_Extracted records_
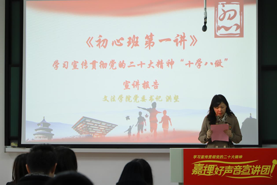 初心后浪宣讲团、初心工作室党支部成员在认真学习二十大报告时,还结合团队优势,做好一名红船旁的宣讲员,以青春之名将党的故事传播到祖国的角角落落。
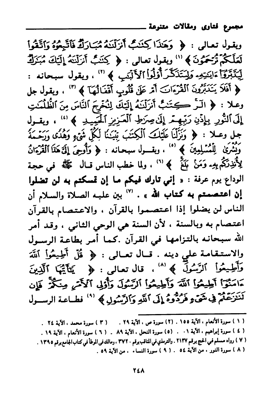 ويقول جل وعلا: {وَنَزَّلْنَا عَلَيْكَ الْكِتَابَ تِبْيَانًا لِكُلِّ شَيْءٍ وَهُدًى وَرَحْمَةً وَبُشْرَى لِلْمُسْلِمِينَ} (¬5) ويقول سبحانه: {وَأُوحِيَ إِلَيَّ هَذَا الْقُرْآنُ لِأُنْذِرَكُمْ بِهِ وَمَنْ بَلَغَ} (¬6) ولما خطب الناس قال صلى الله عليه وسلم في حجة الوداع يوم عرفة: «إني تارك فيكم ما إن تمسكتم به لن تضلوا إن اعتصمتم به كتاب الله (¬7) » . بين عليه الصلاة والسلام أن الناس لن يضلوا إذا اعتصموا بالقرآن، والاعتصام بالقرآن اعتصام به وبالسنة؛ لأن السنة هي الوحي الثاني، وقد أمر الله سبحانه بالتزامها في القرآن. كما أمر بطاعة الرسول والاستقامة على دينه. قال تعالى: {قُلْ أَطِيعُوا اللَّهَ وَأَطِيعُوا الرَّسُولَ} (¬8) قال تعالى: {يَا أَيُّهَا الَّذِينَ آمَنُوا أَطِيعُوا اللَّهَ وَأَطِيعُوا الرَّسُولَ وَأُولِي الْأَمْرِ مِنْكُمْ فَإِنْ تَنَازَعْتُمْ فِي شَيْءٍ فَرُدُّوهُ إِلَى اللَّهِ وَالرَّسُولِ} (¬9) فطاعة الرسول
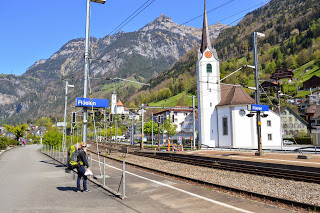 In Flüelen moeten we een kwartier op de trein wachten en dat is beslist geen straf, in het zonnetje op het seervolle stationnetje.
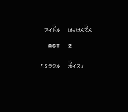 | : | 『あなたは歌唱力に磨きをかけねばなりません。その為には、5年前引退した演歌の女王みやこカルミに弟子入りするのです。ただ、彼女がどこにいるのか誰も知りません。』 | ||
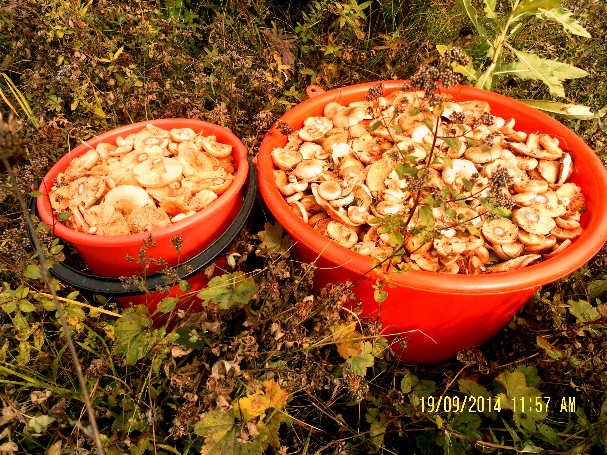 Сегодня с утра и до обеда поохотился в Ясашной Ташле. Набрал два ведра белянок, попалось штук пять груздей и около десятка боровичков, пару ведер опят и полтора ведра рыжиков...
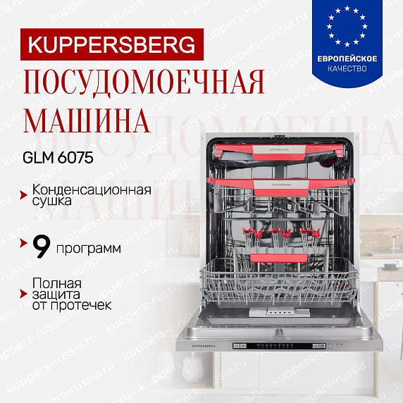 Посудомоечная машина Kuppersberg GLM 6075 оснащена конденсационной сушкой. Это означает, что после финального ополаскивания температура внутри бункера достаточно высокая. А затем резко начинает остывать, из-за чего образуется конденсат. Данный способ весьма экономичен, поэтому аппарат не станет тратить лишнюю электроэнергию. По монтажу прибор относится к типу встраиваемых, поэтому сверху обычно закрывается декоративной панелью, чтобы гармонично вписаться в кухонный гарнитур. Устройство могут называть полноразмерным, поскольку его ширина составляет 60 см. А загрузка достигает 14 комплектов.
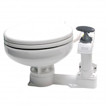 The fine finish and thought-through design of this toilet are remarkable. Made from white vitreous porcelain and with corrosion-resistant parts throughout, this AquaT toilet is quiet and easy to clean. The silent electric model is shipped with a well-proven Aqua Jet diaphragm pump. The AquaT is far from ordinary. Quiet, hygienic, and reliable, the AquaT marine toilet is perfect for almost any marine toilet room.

_Exercise goal_
Reproduce exactly, and only, the part of the entries above that runs from the line with "Сегодня с утра" to the last line, both included. Pictures stay out.

_Written response_
 Сегодня с утра и до обеда поохотился в Ясашной Ташле. Набрал два ведра белянок, попалось штук пять груздей и около десятка боровичков, пару ведер опят и полтора ведра рыжиков...
 Посудомоечная машина Kuppersberg GLM 6075 оснащена конденсационной сушкой. Это означает, что после финального ополаскивания температура внутри бункера достаточно высокая. А затем резко начинает остывать, из-за чего образуется конденсат. Данный способ весьма экономичен, поэтому аппарат не станет тратить лишнюю электроэнергию. По монтажу прибор относится к типу встраиваемых, поэтому сверху обычно закрывается декоративной панелью, чтобы гармонично вписаться в кухонный гарнитур. Устройство могут называть полноразмерным, поскольку его ширина составляет 60 см. А загрузка достигает 14 комплектов.
 The fine finish and thought-through design of this toilet are remarkable. Made from white vitreous porcelain and with corrosion-resistant parts throughout, this AquaT toilet is quiet and easy to clean. The silent electric model is shipped with a well-proven Aqua Jet diaphragm pump. The AquaT is far from ordinary. Quiet, hygienic, and reliable, the AquaT marine toilet is perfect for almost any marine toilet room.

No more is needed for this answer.